CORPORATE SOCIAL RESPONSIBILITY IN INDIA: LEGAL FRAMEWORK AND IMPLEMENTATION UNDER THE COMPANIES ACT, 2013
AUTHOR – SOURAV TANWAR* & DR TRAPTI VARSHNEY**
* STUDENT AT AMITY UNIVERSITY, NOIDA
** PROFESSOR AT AMITY LAW SCHOOL, NOIDA
BEST CITATION – SOURAV TANWAR & DR TRAPTI VARSHNEY, CORPORATE SOCIAL RESPONSIBILITY IN INDIA: LEGAL FRAMEWORK AND IMPLEMENTATION UNDER THE COMPANIES ACT, 2013, INDIAN JOURNAL OF LEGAL REVIEW (IJLR), 6 (8) OF 2026, PG. 566-575, APIS – 3920 – 0001 & ISSN – 2583-2344.

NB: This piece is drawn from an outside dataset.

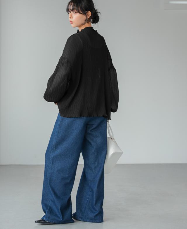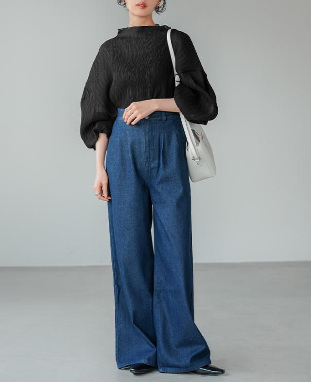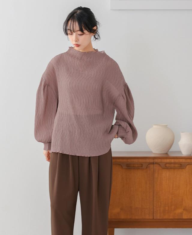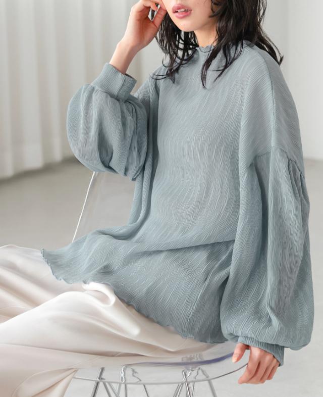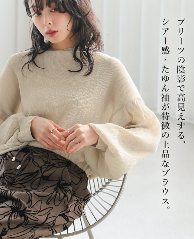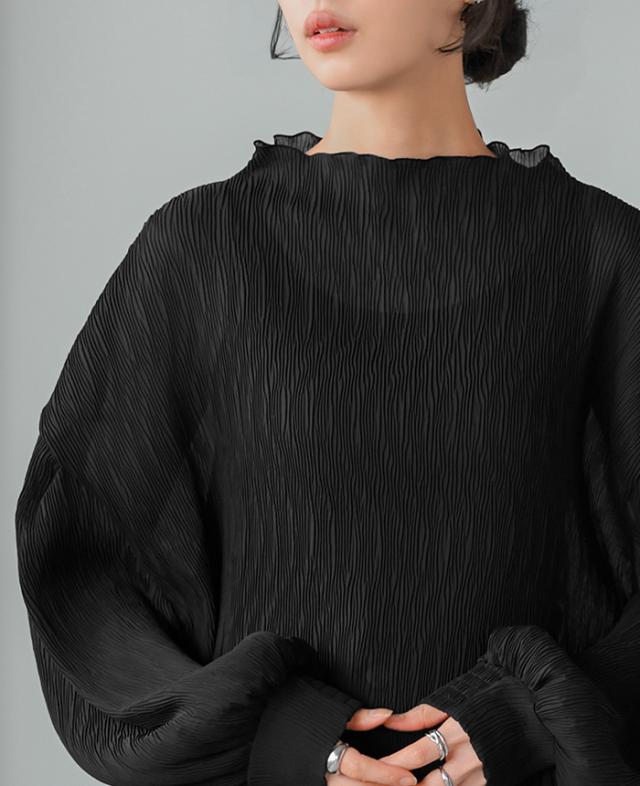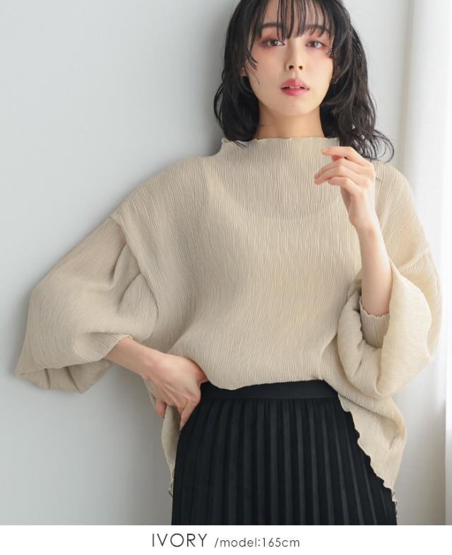 [新作限定P10%×メール便で送料無料]ランダムプリーツボトルネックトップス★-【メール便1点まで】[M便 1/1]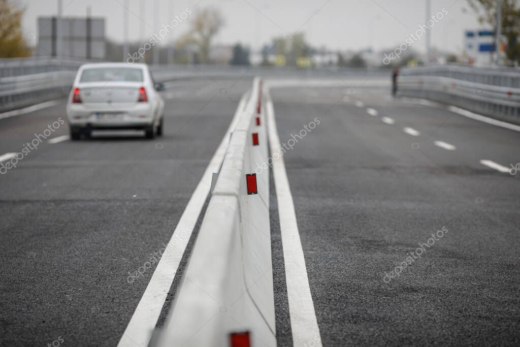 - Shallow depth of field (selective focus) image with concrete Jersey barriers (Jersey walls or Jersey bumps) on a highway.

Corporate Social Responsibility in India represents a distinctive regulatory experiment where voluntary philanthropic traditions have been transformed into mandatory legal obligations through statutory intervention. This paper critically examines the legal framework governing CSR under the Companies Act, 2013, analyzing whether mandatory spending requirements effectively advance social development objectives or merely create compliance burdens without corresponding societal benefits. Through doctrinal analysis of statutory provisions, regulatory guidelines, judicial interpretations, and empirical implementation patterns, this research investigates the effectiveness of India’s pioneering approach to legislating corporate social obligations. The examination reveals that while India became the first nation globally to mandate CSR expenditure, implementation challenges including narrow interpretations of eligible activities, preference for safe and visible projects over impactful interventions, geographical concentration in already developed regions, and inadequate monitoring mechanisms have limited transformative potential. The regulatory architecture establishing spending thresholds, board-level CSR committees, and prescribed activity schedules creates accountability structures yet simultaneously generates compliance-oriented approaches prioritizing expenditure documentation over genuine social impact assessment. However, the framework has successfully mainstreamed CSR discourse within corporate governance, generated substantial financial flows toward social sectors, and established precedents for corporate accountability beyond shareholder value maximization. Recommendations emphasize strengthening impact measurement requirements, encouraging collaborative and innovative CSR approaches, addressing geographical disparities in CSR deployment, enhancing regulatory oversight capacity, and balancing mandatory compliance with flexibility enabling contextually appropriate interventions that genuinely advance sustainable development objectives.
Keywords: Corporate social responsibility; Companies Act 2013; CSR spending; corporate governance; social development; regulatory compliance; sustainable development; Schedule VII activities.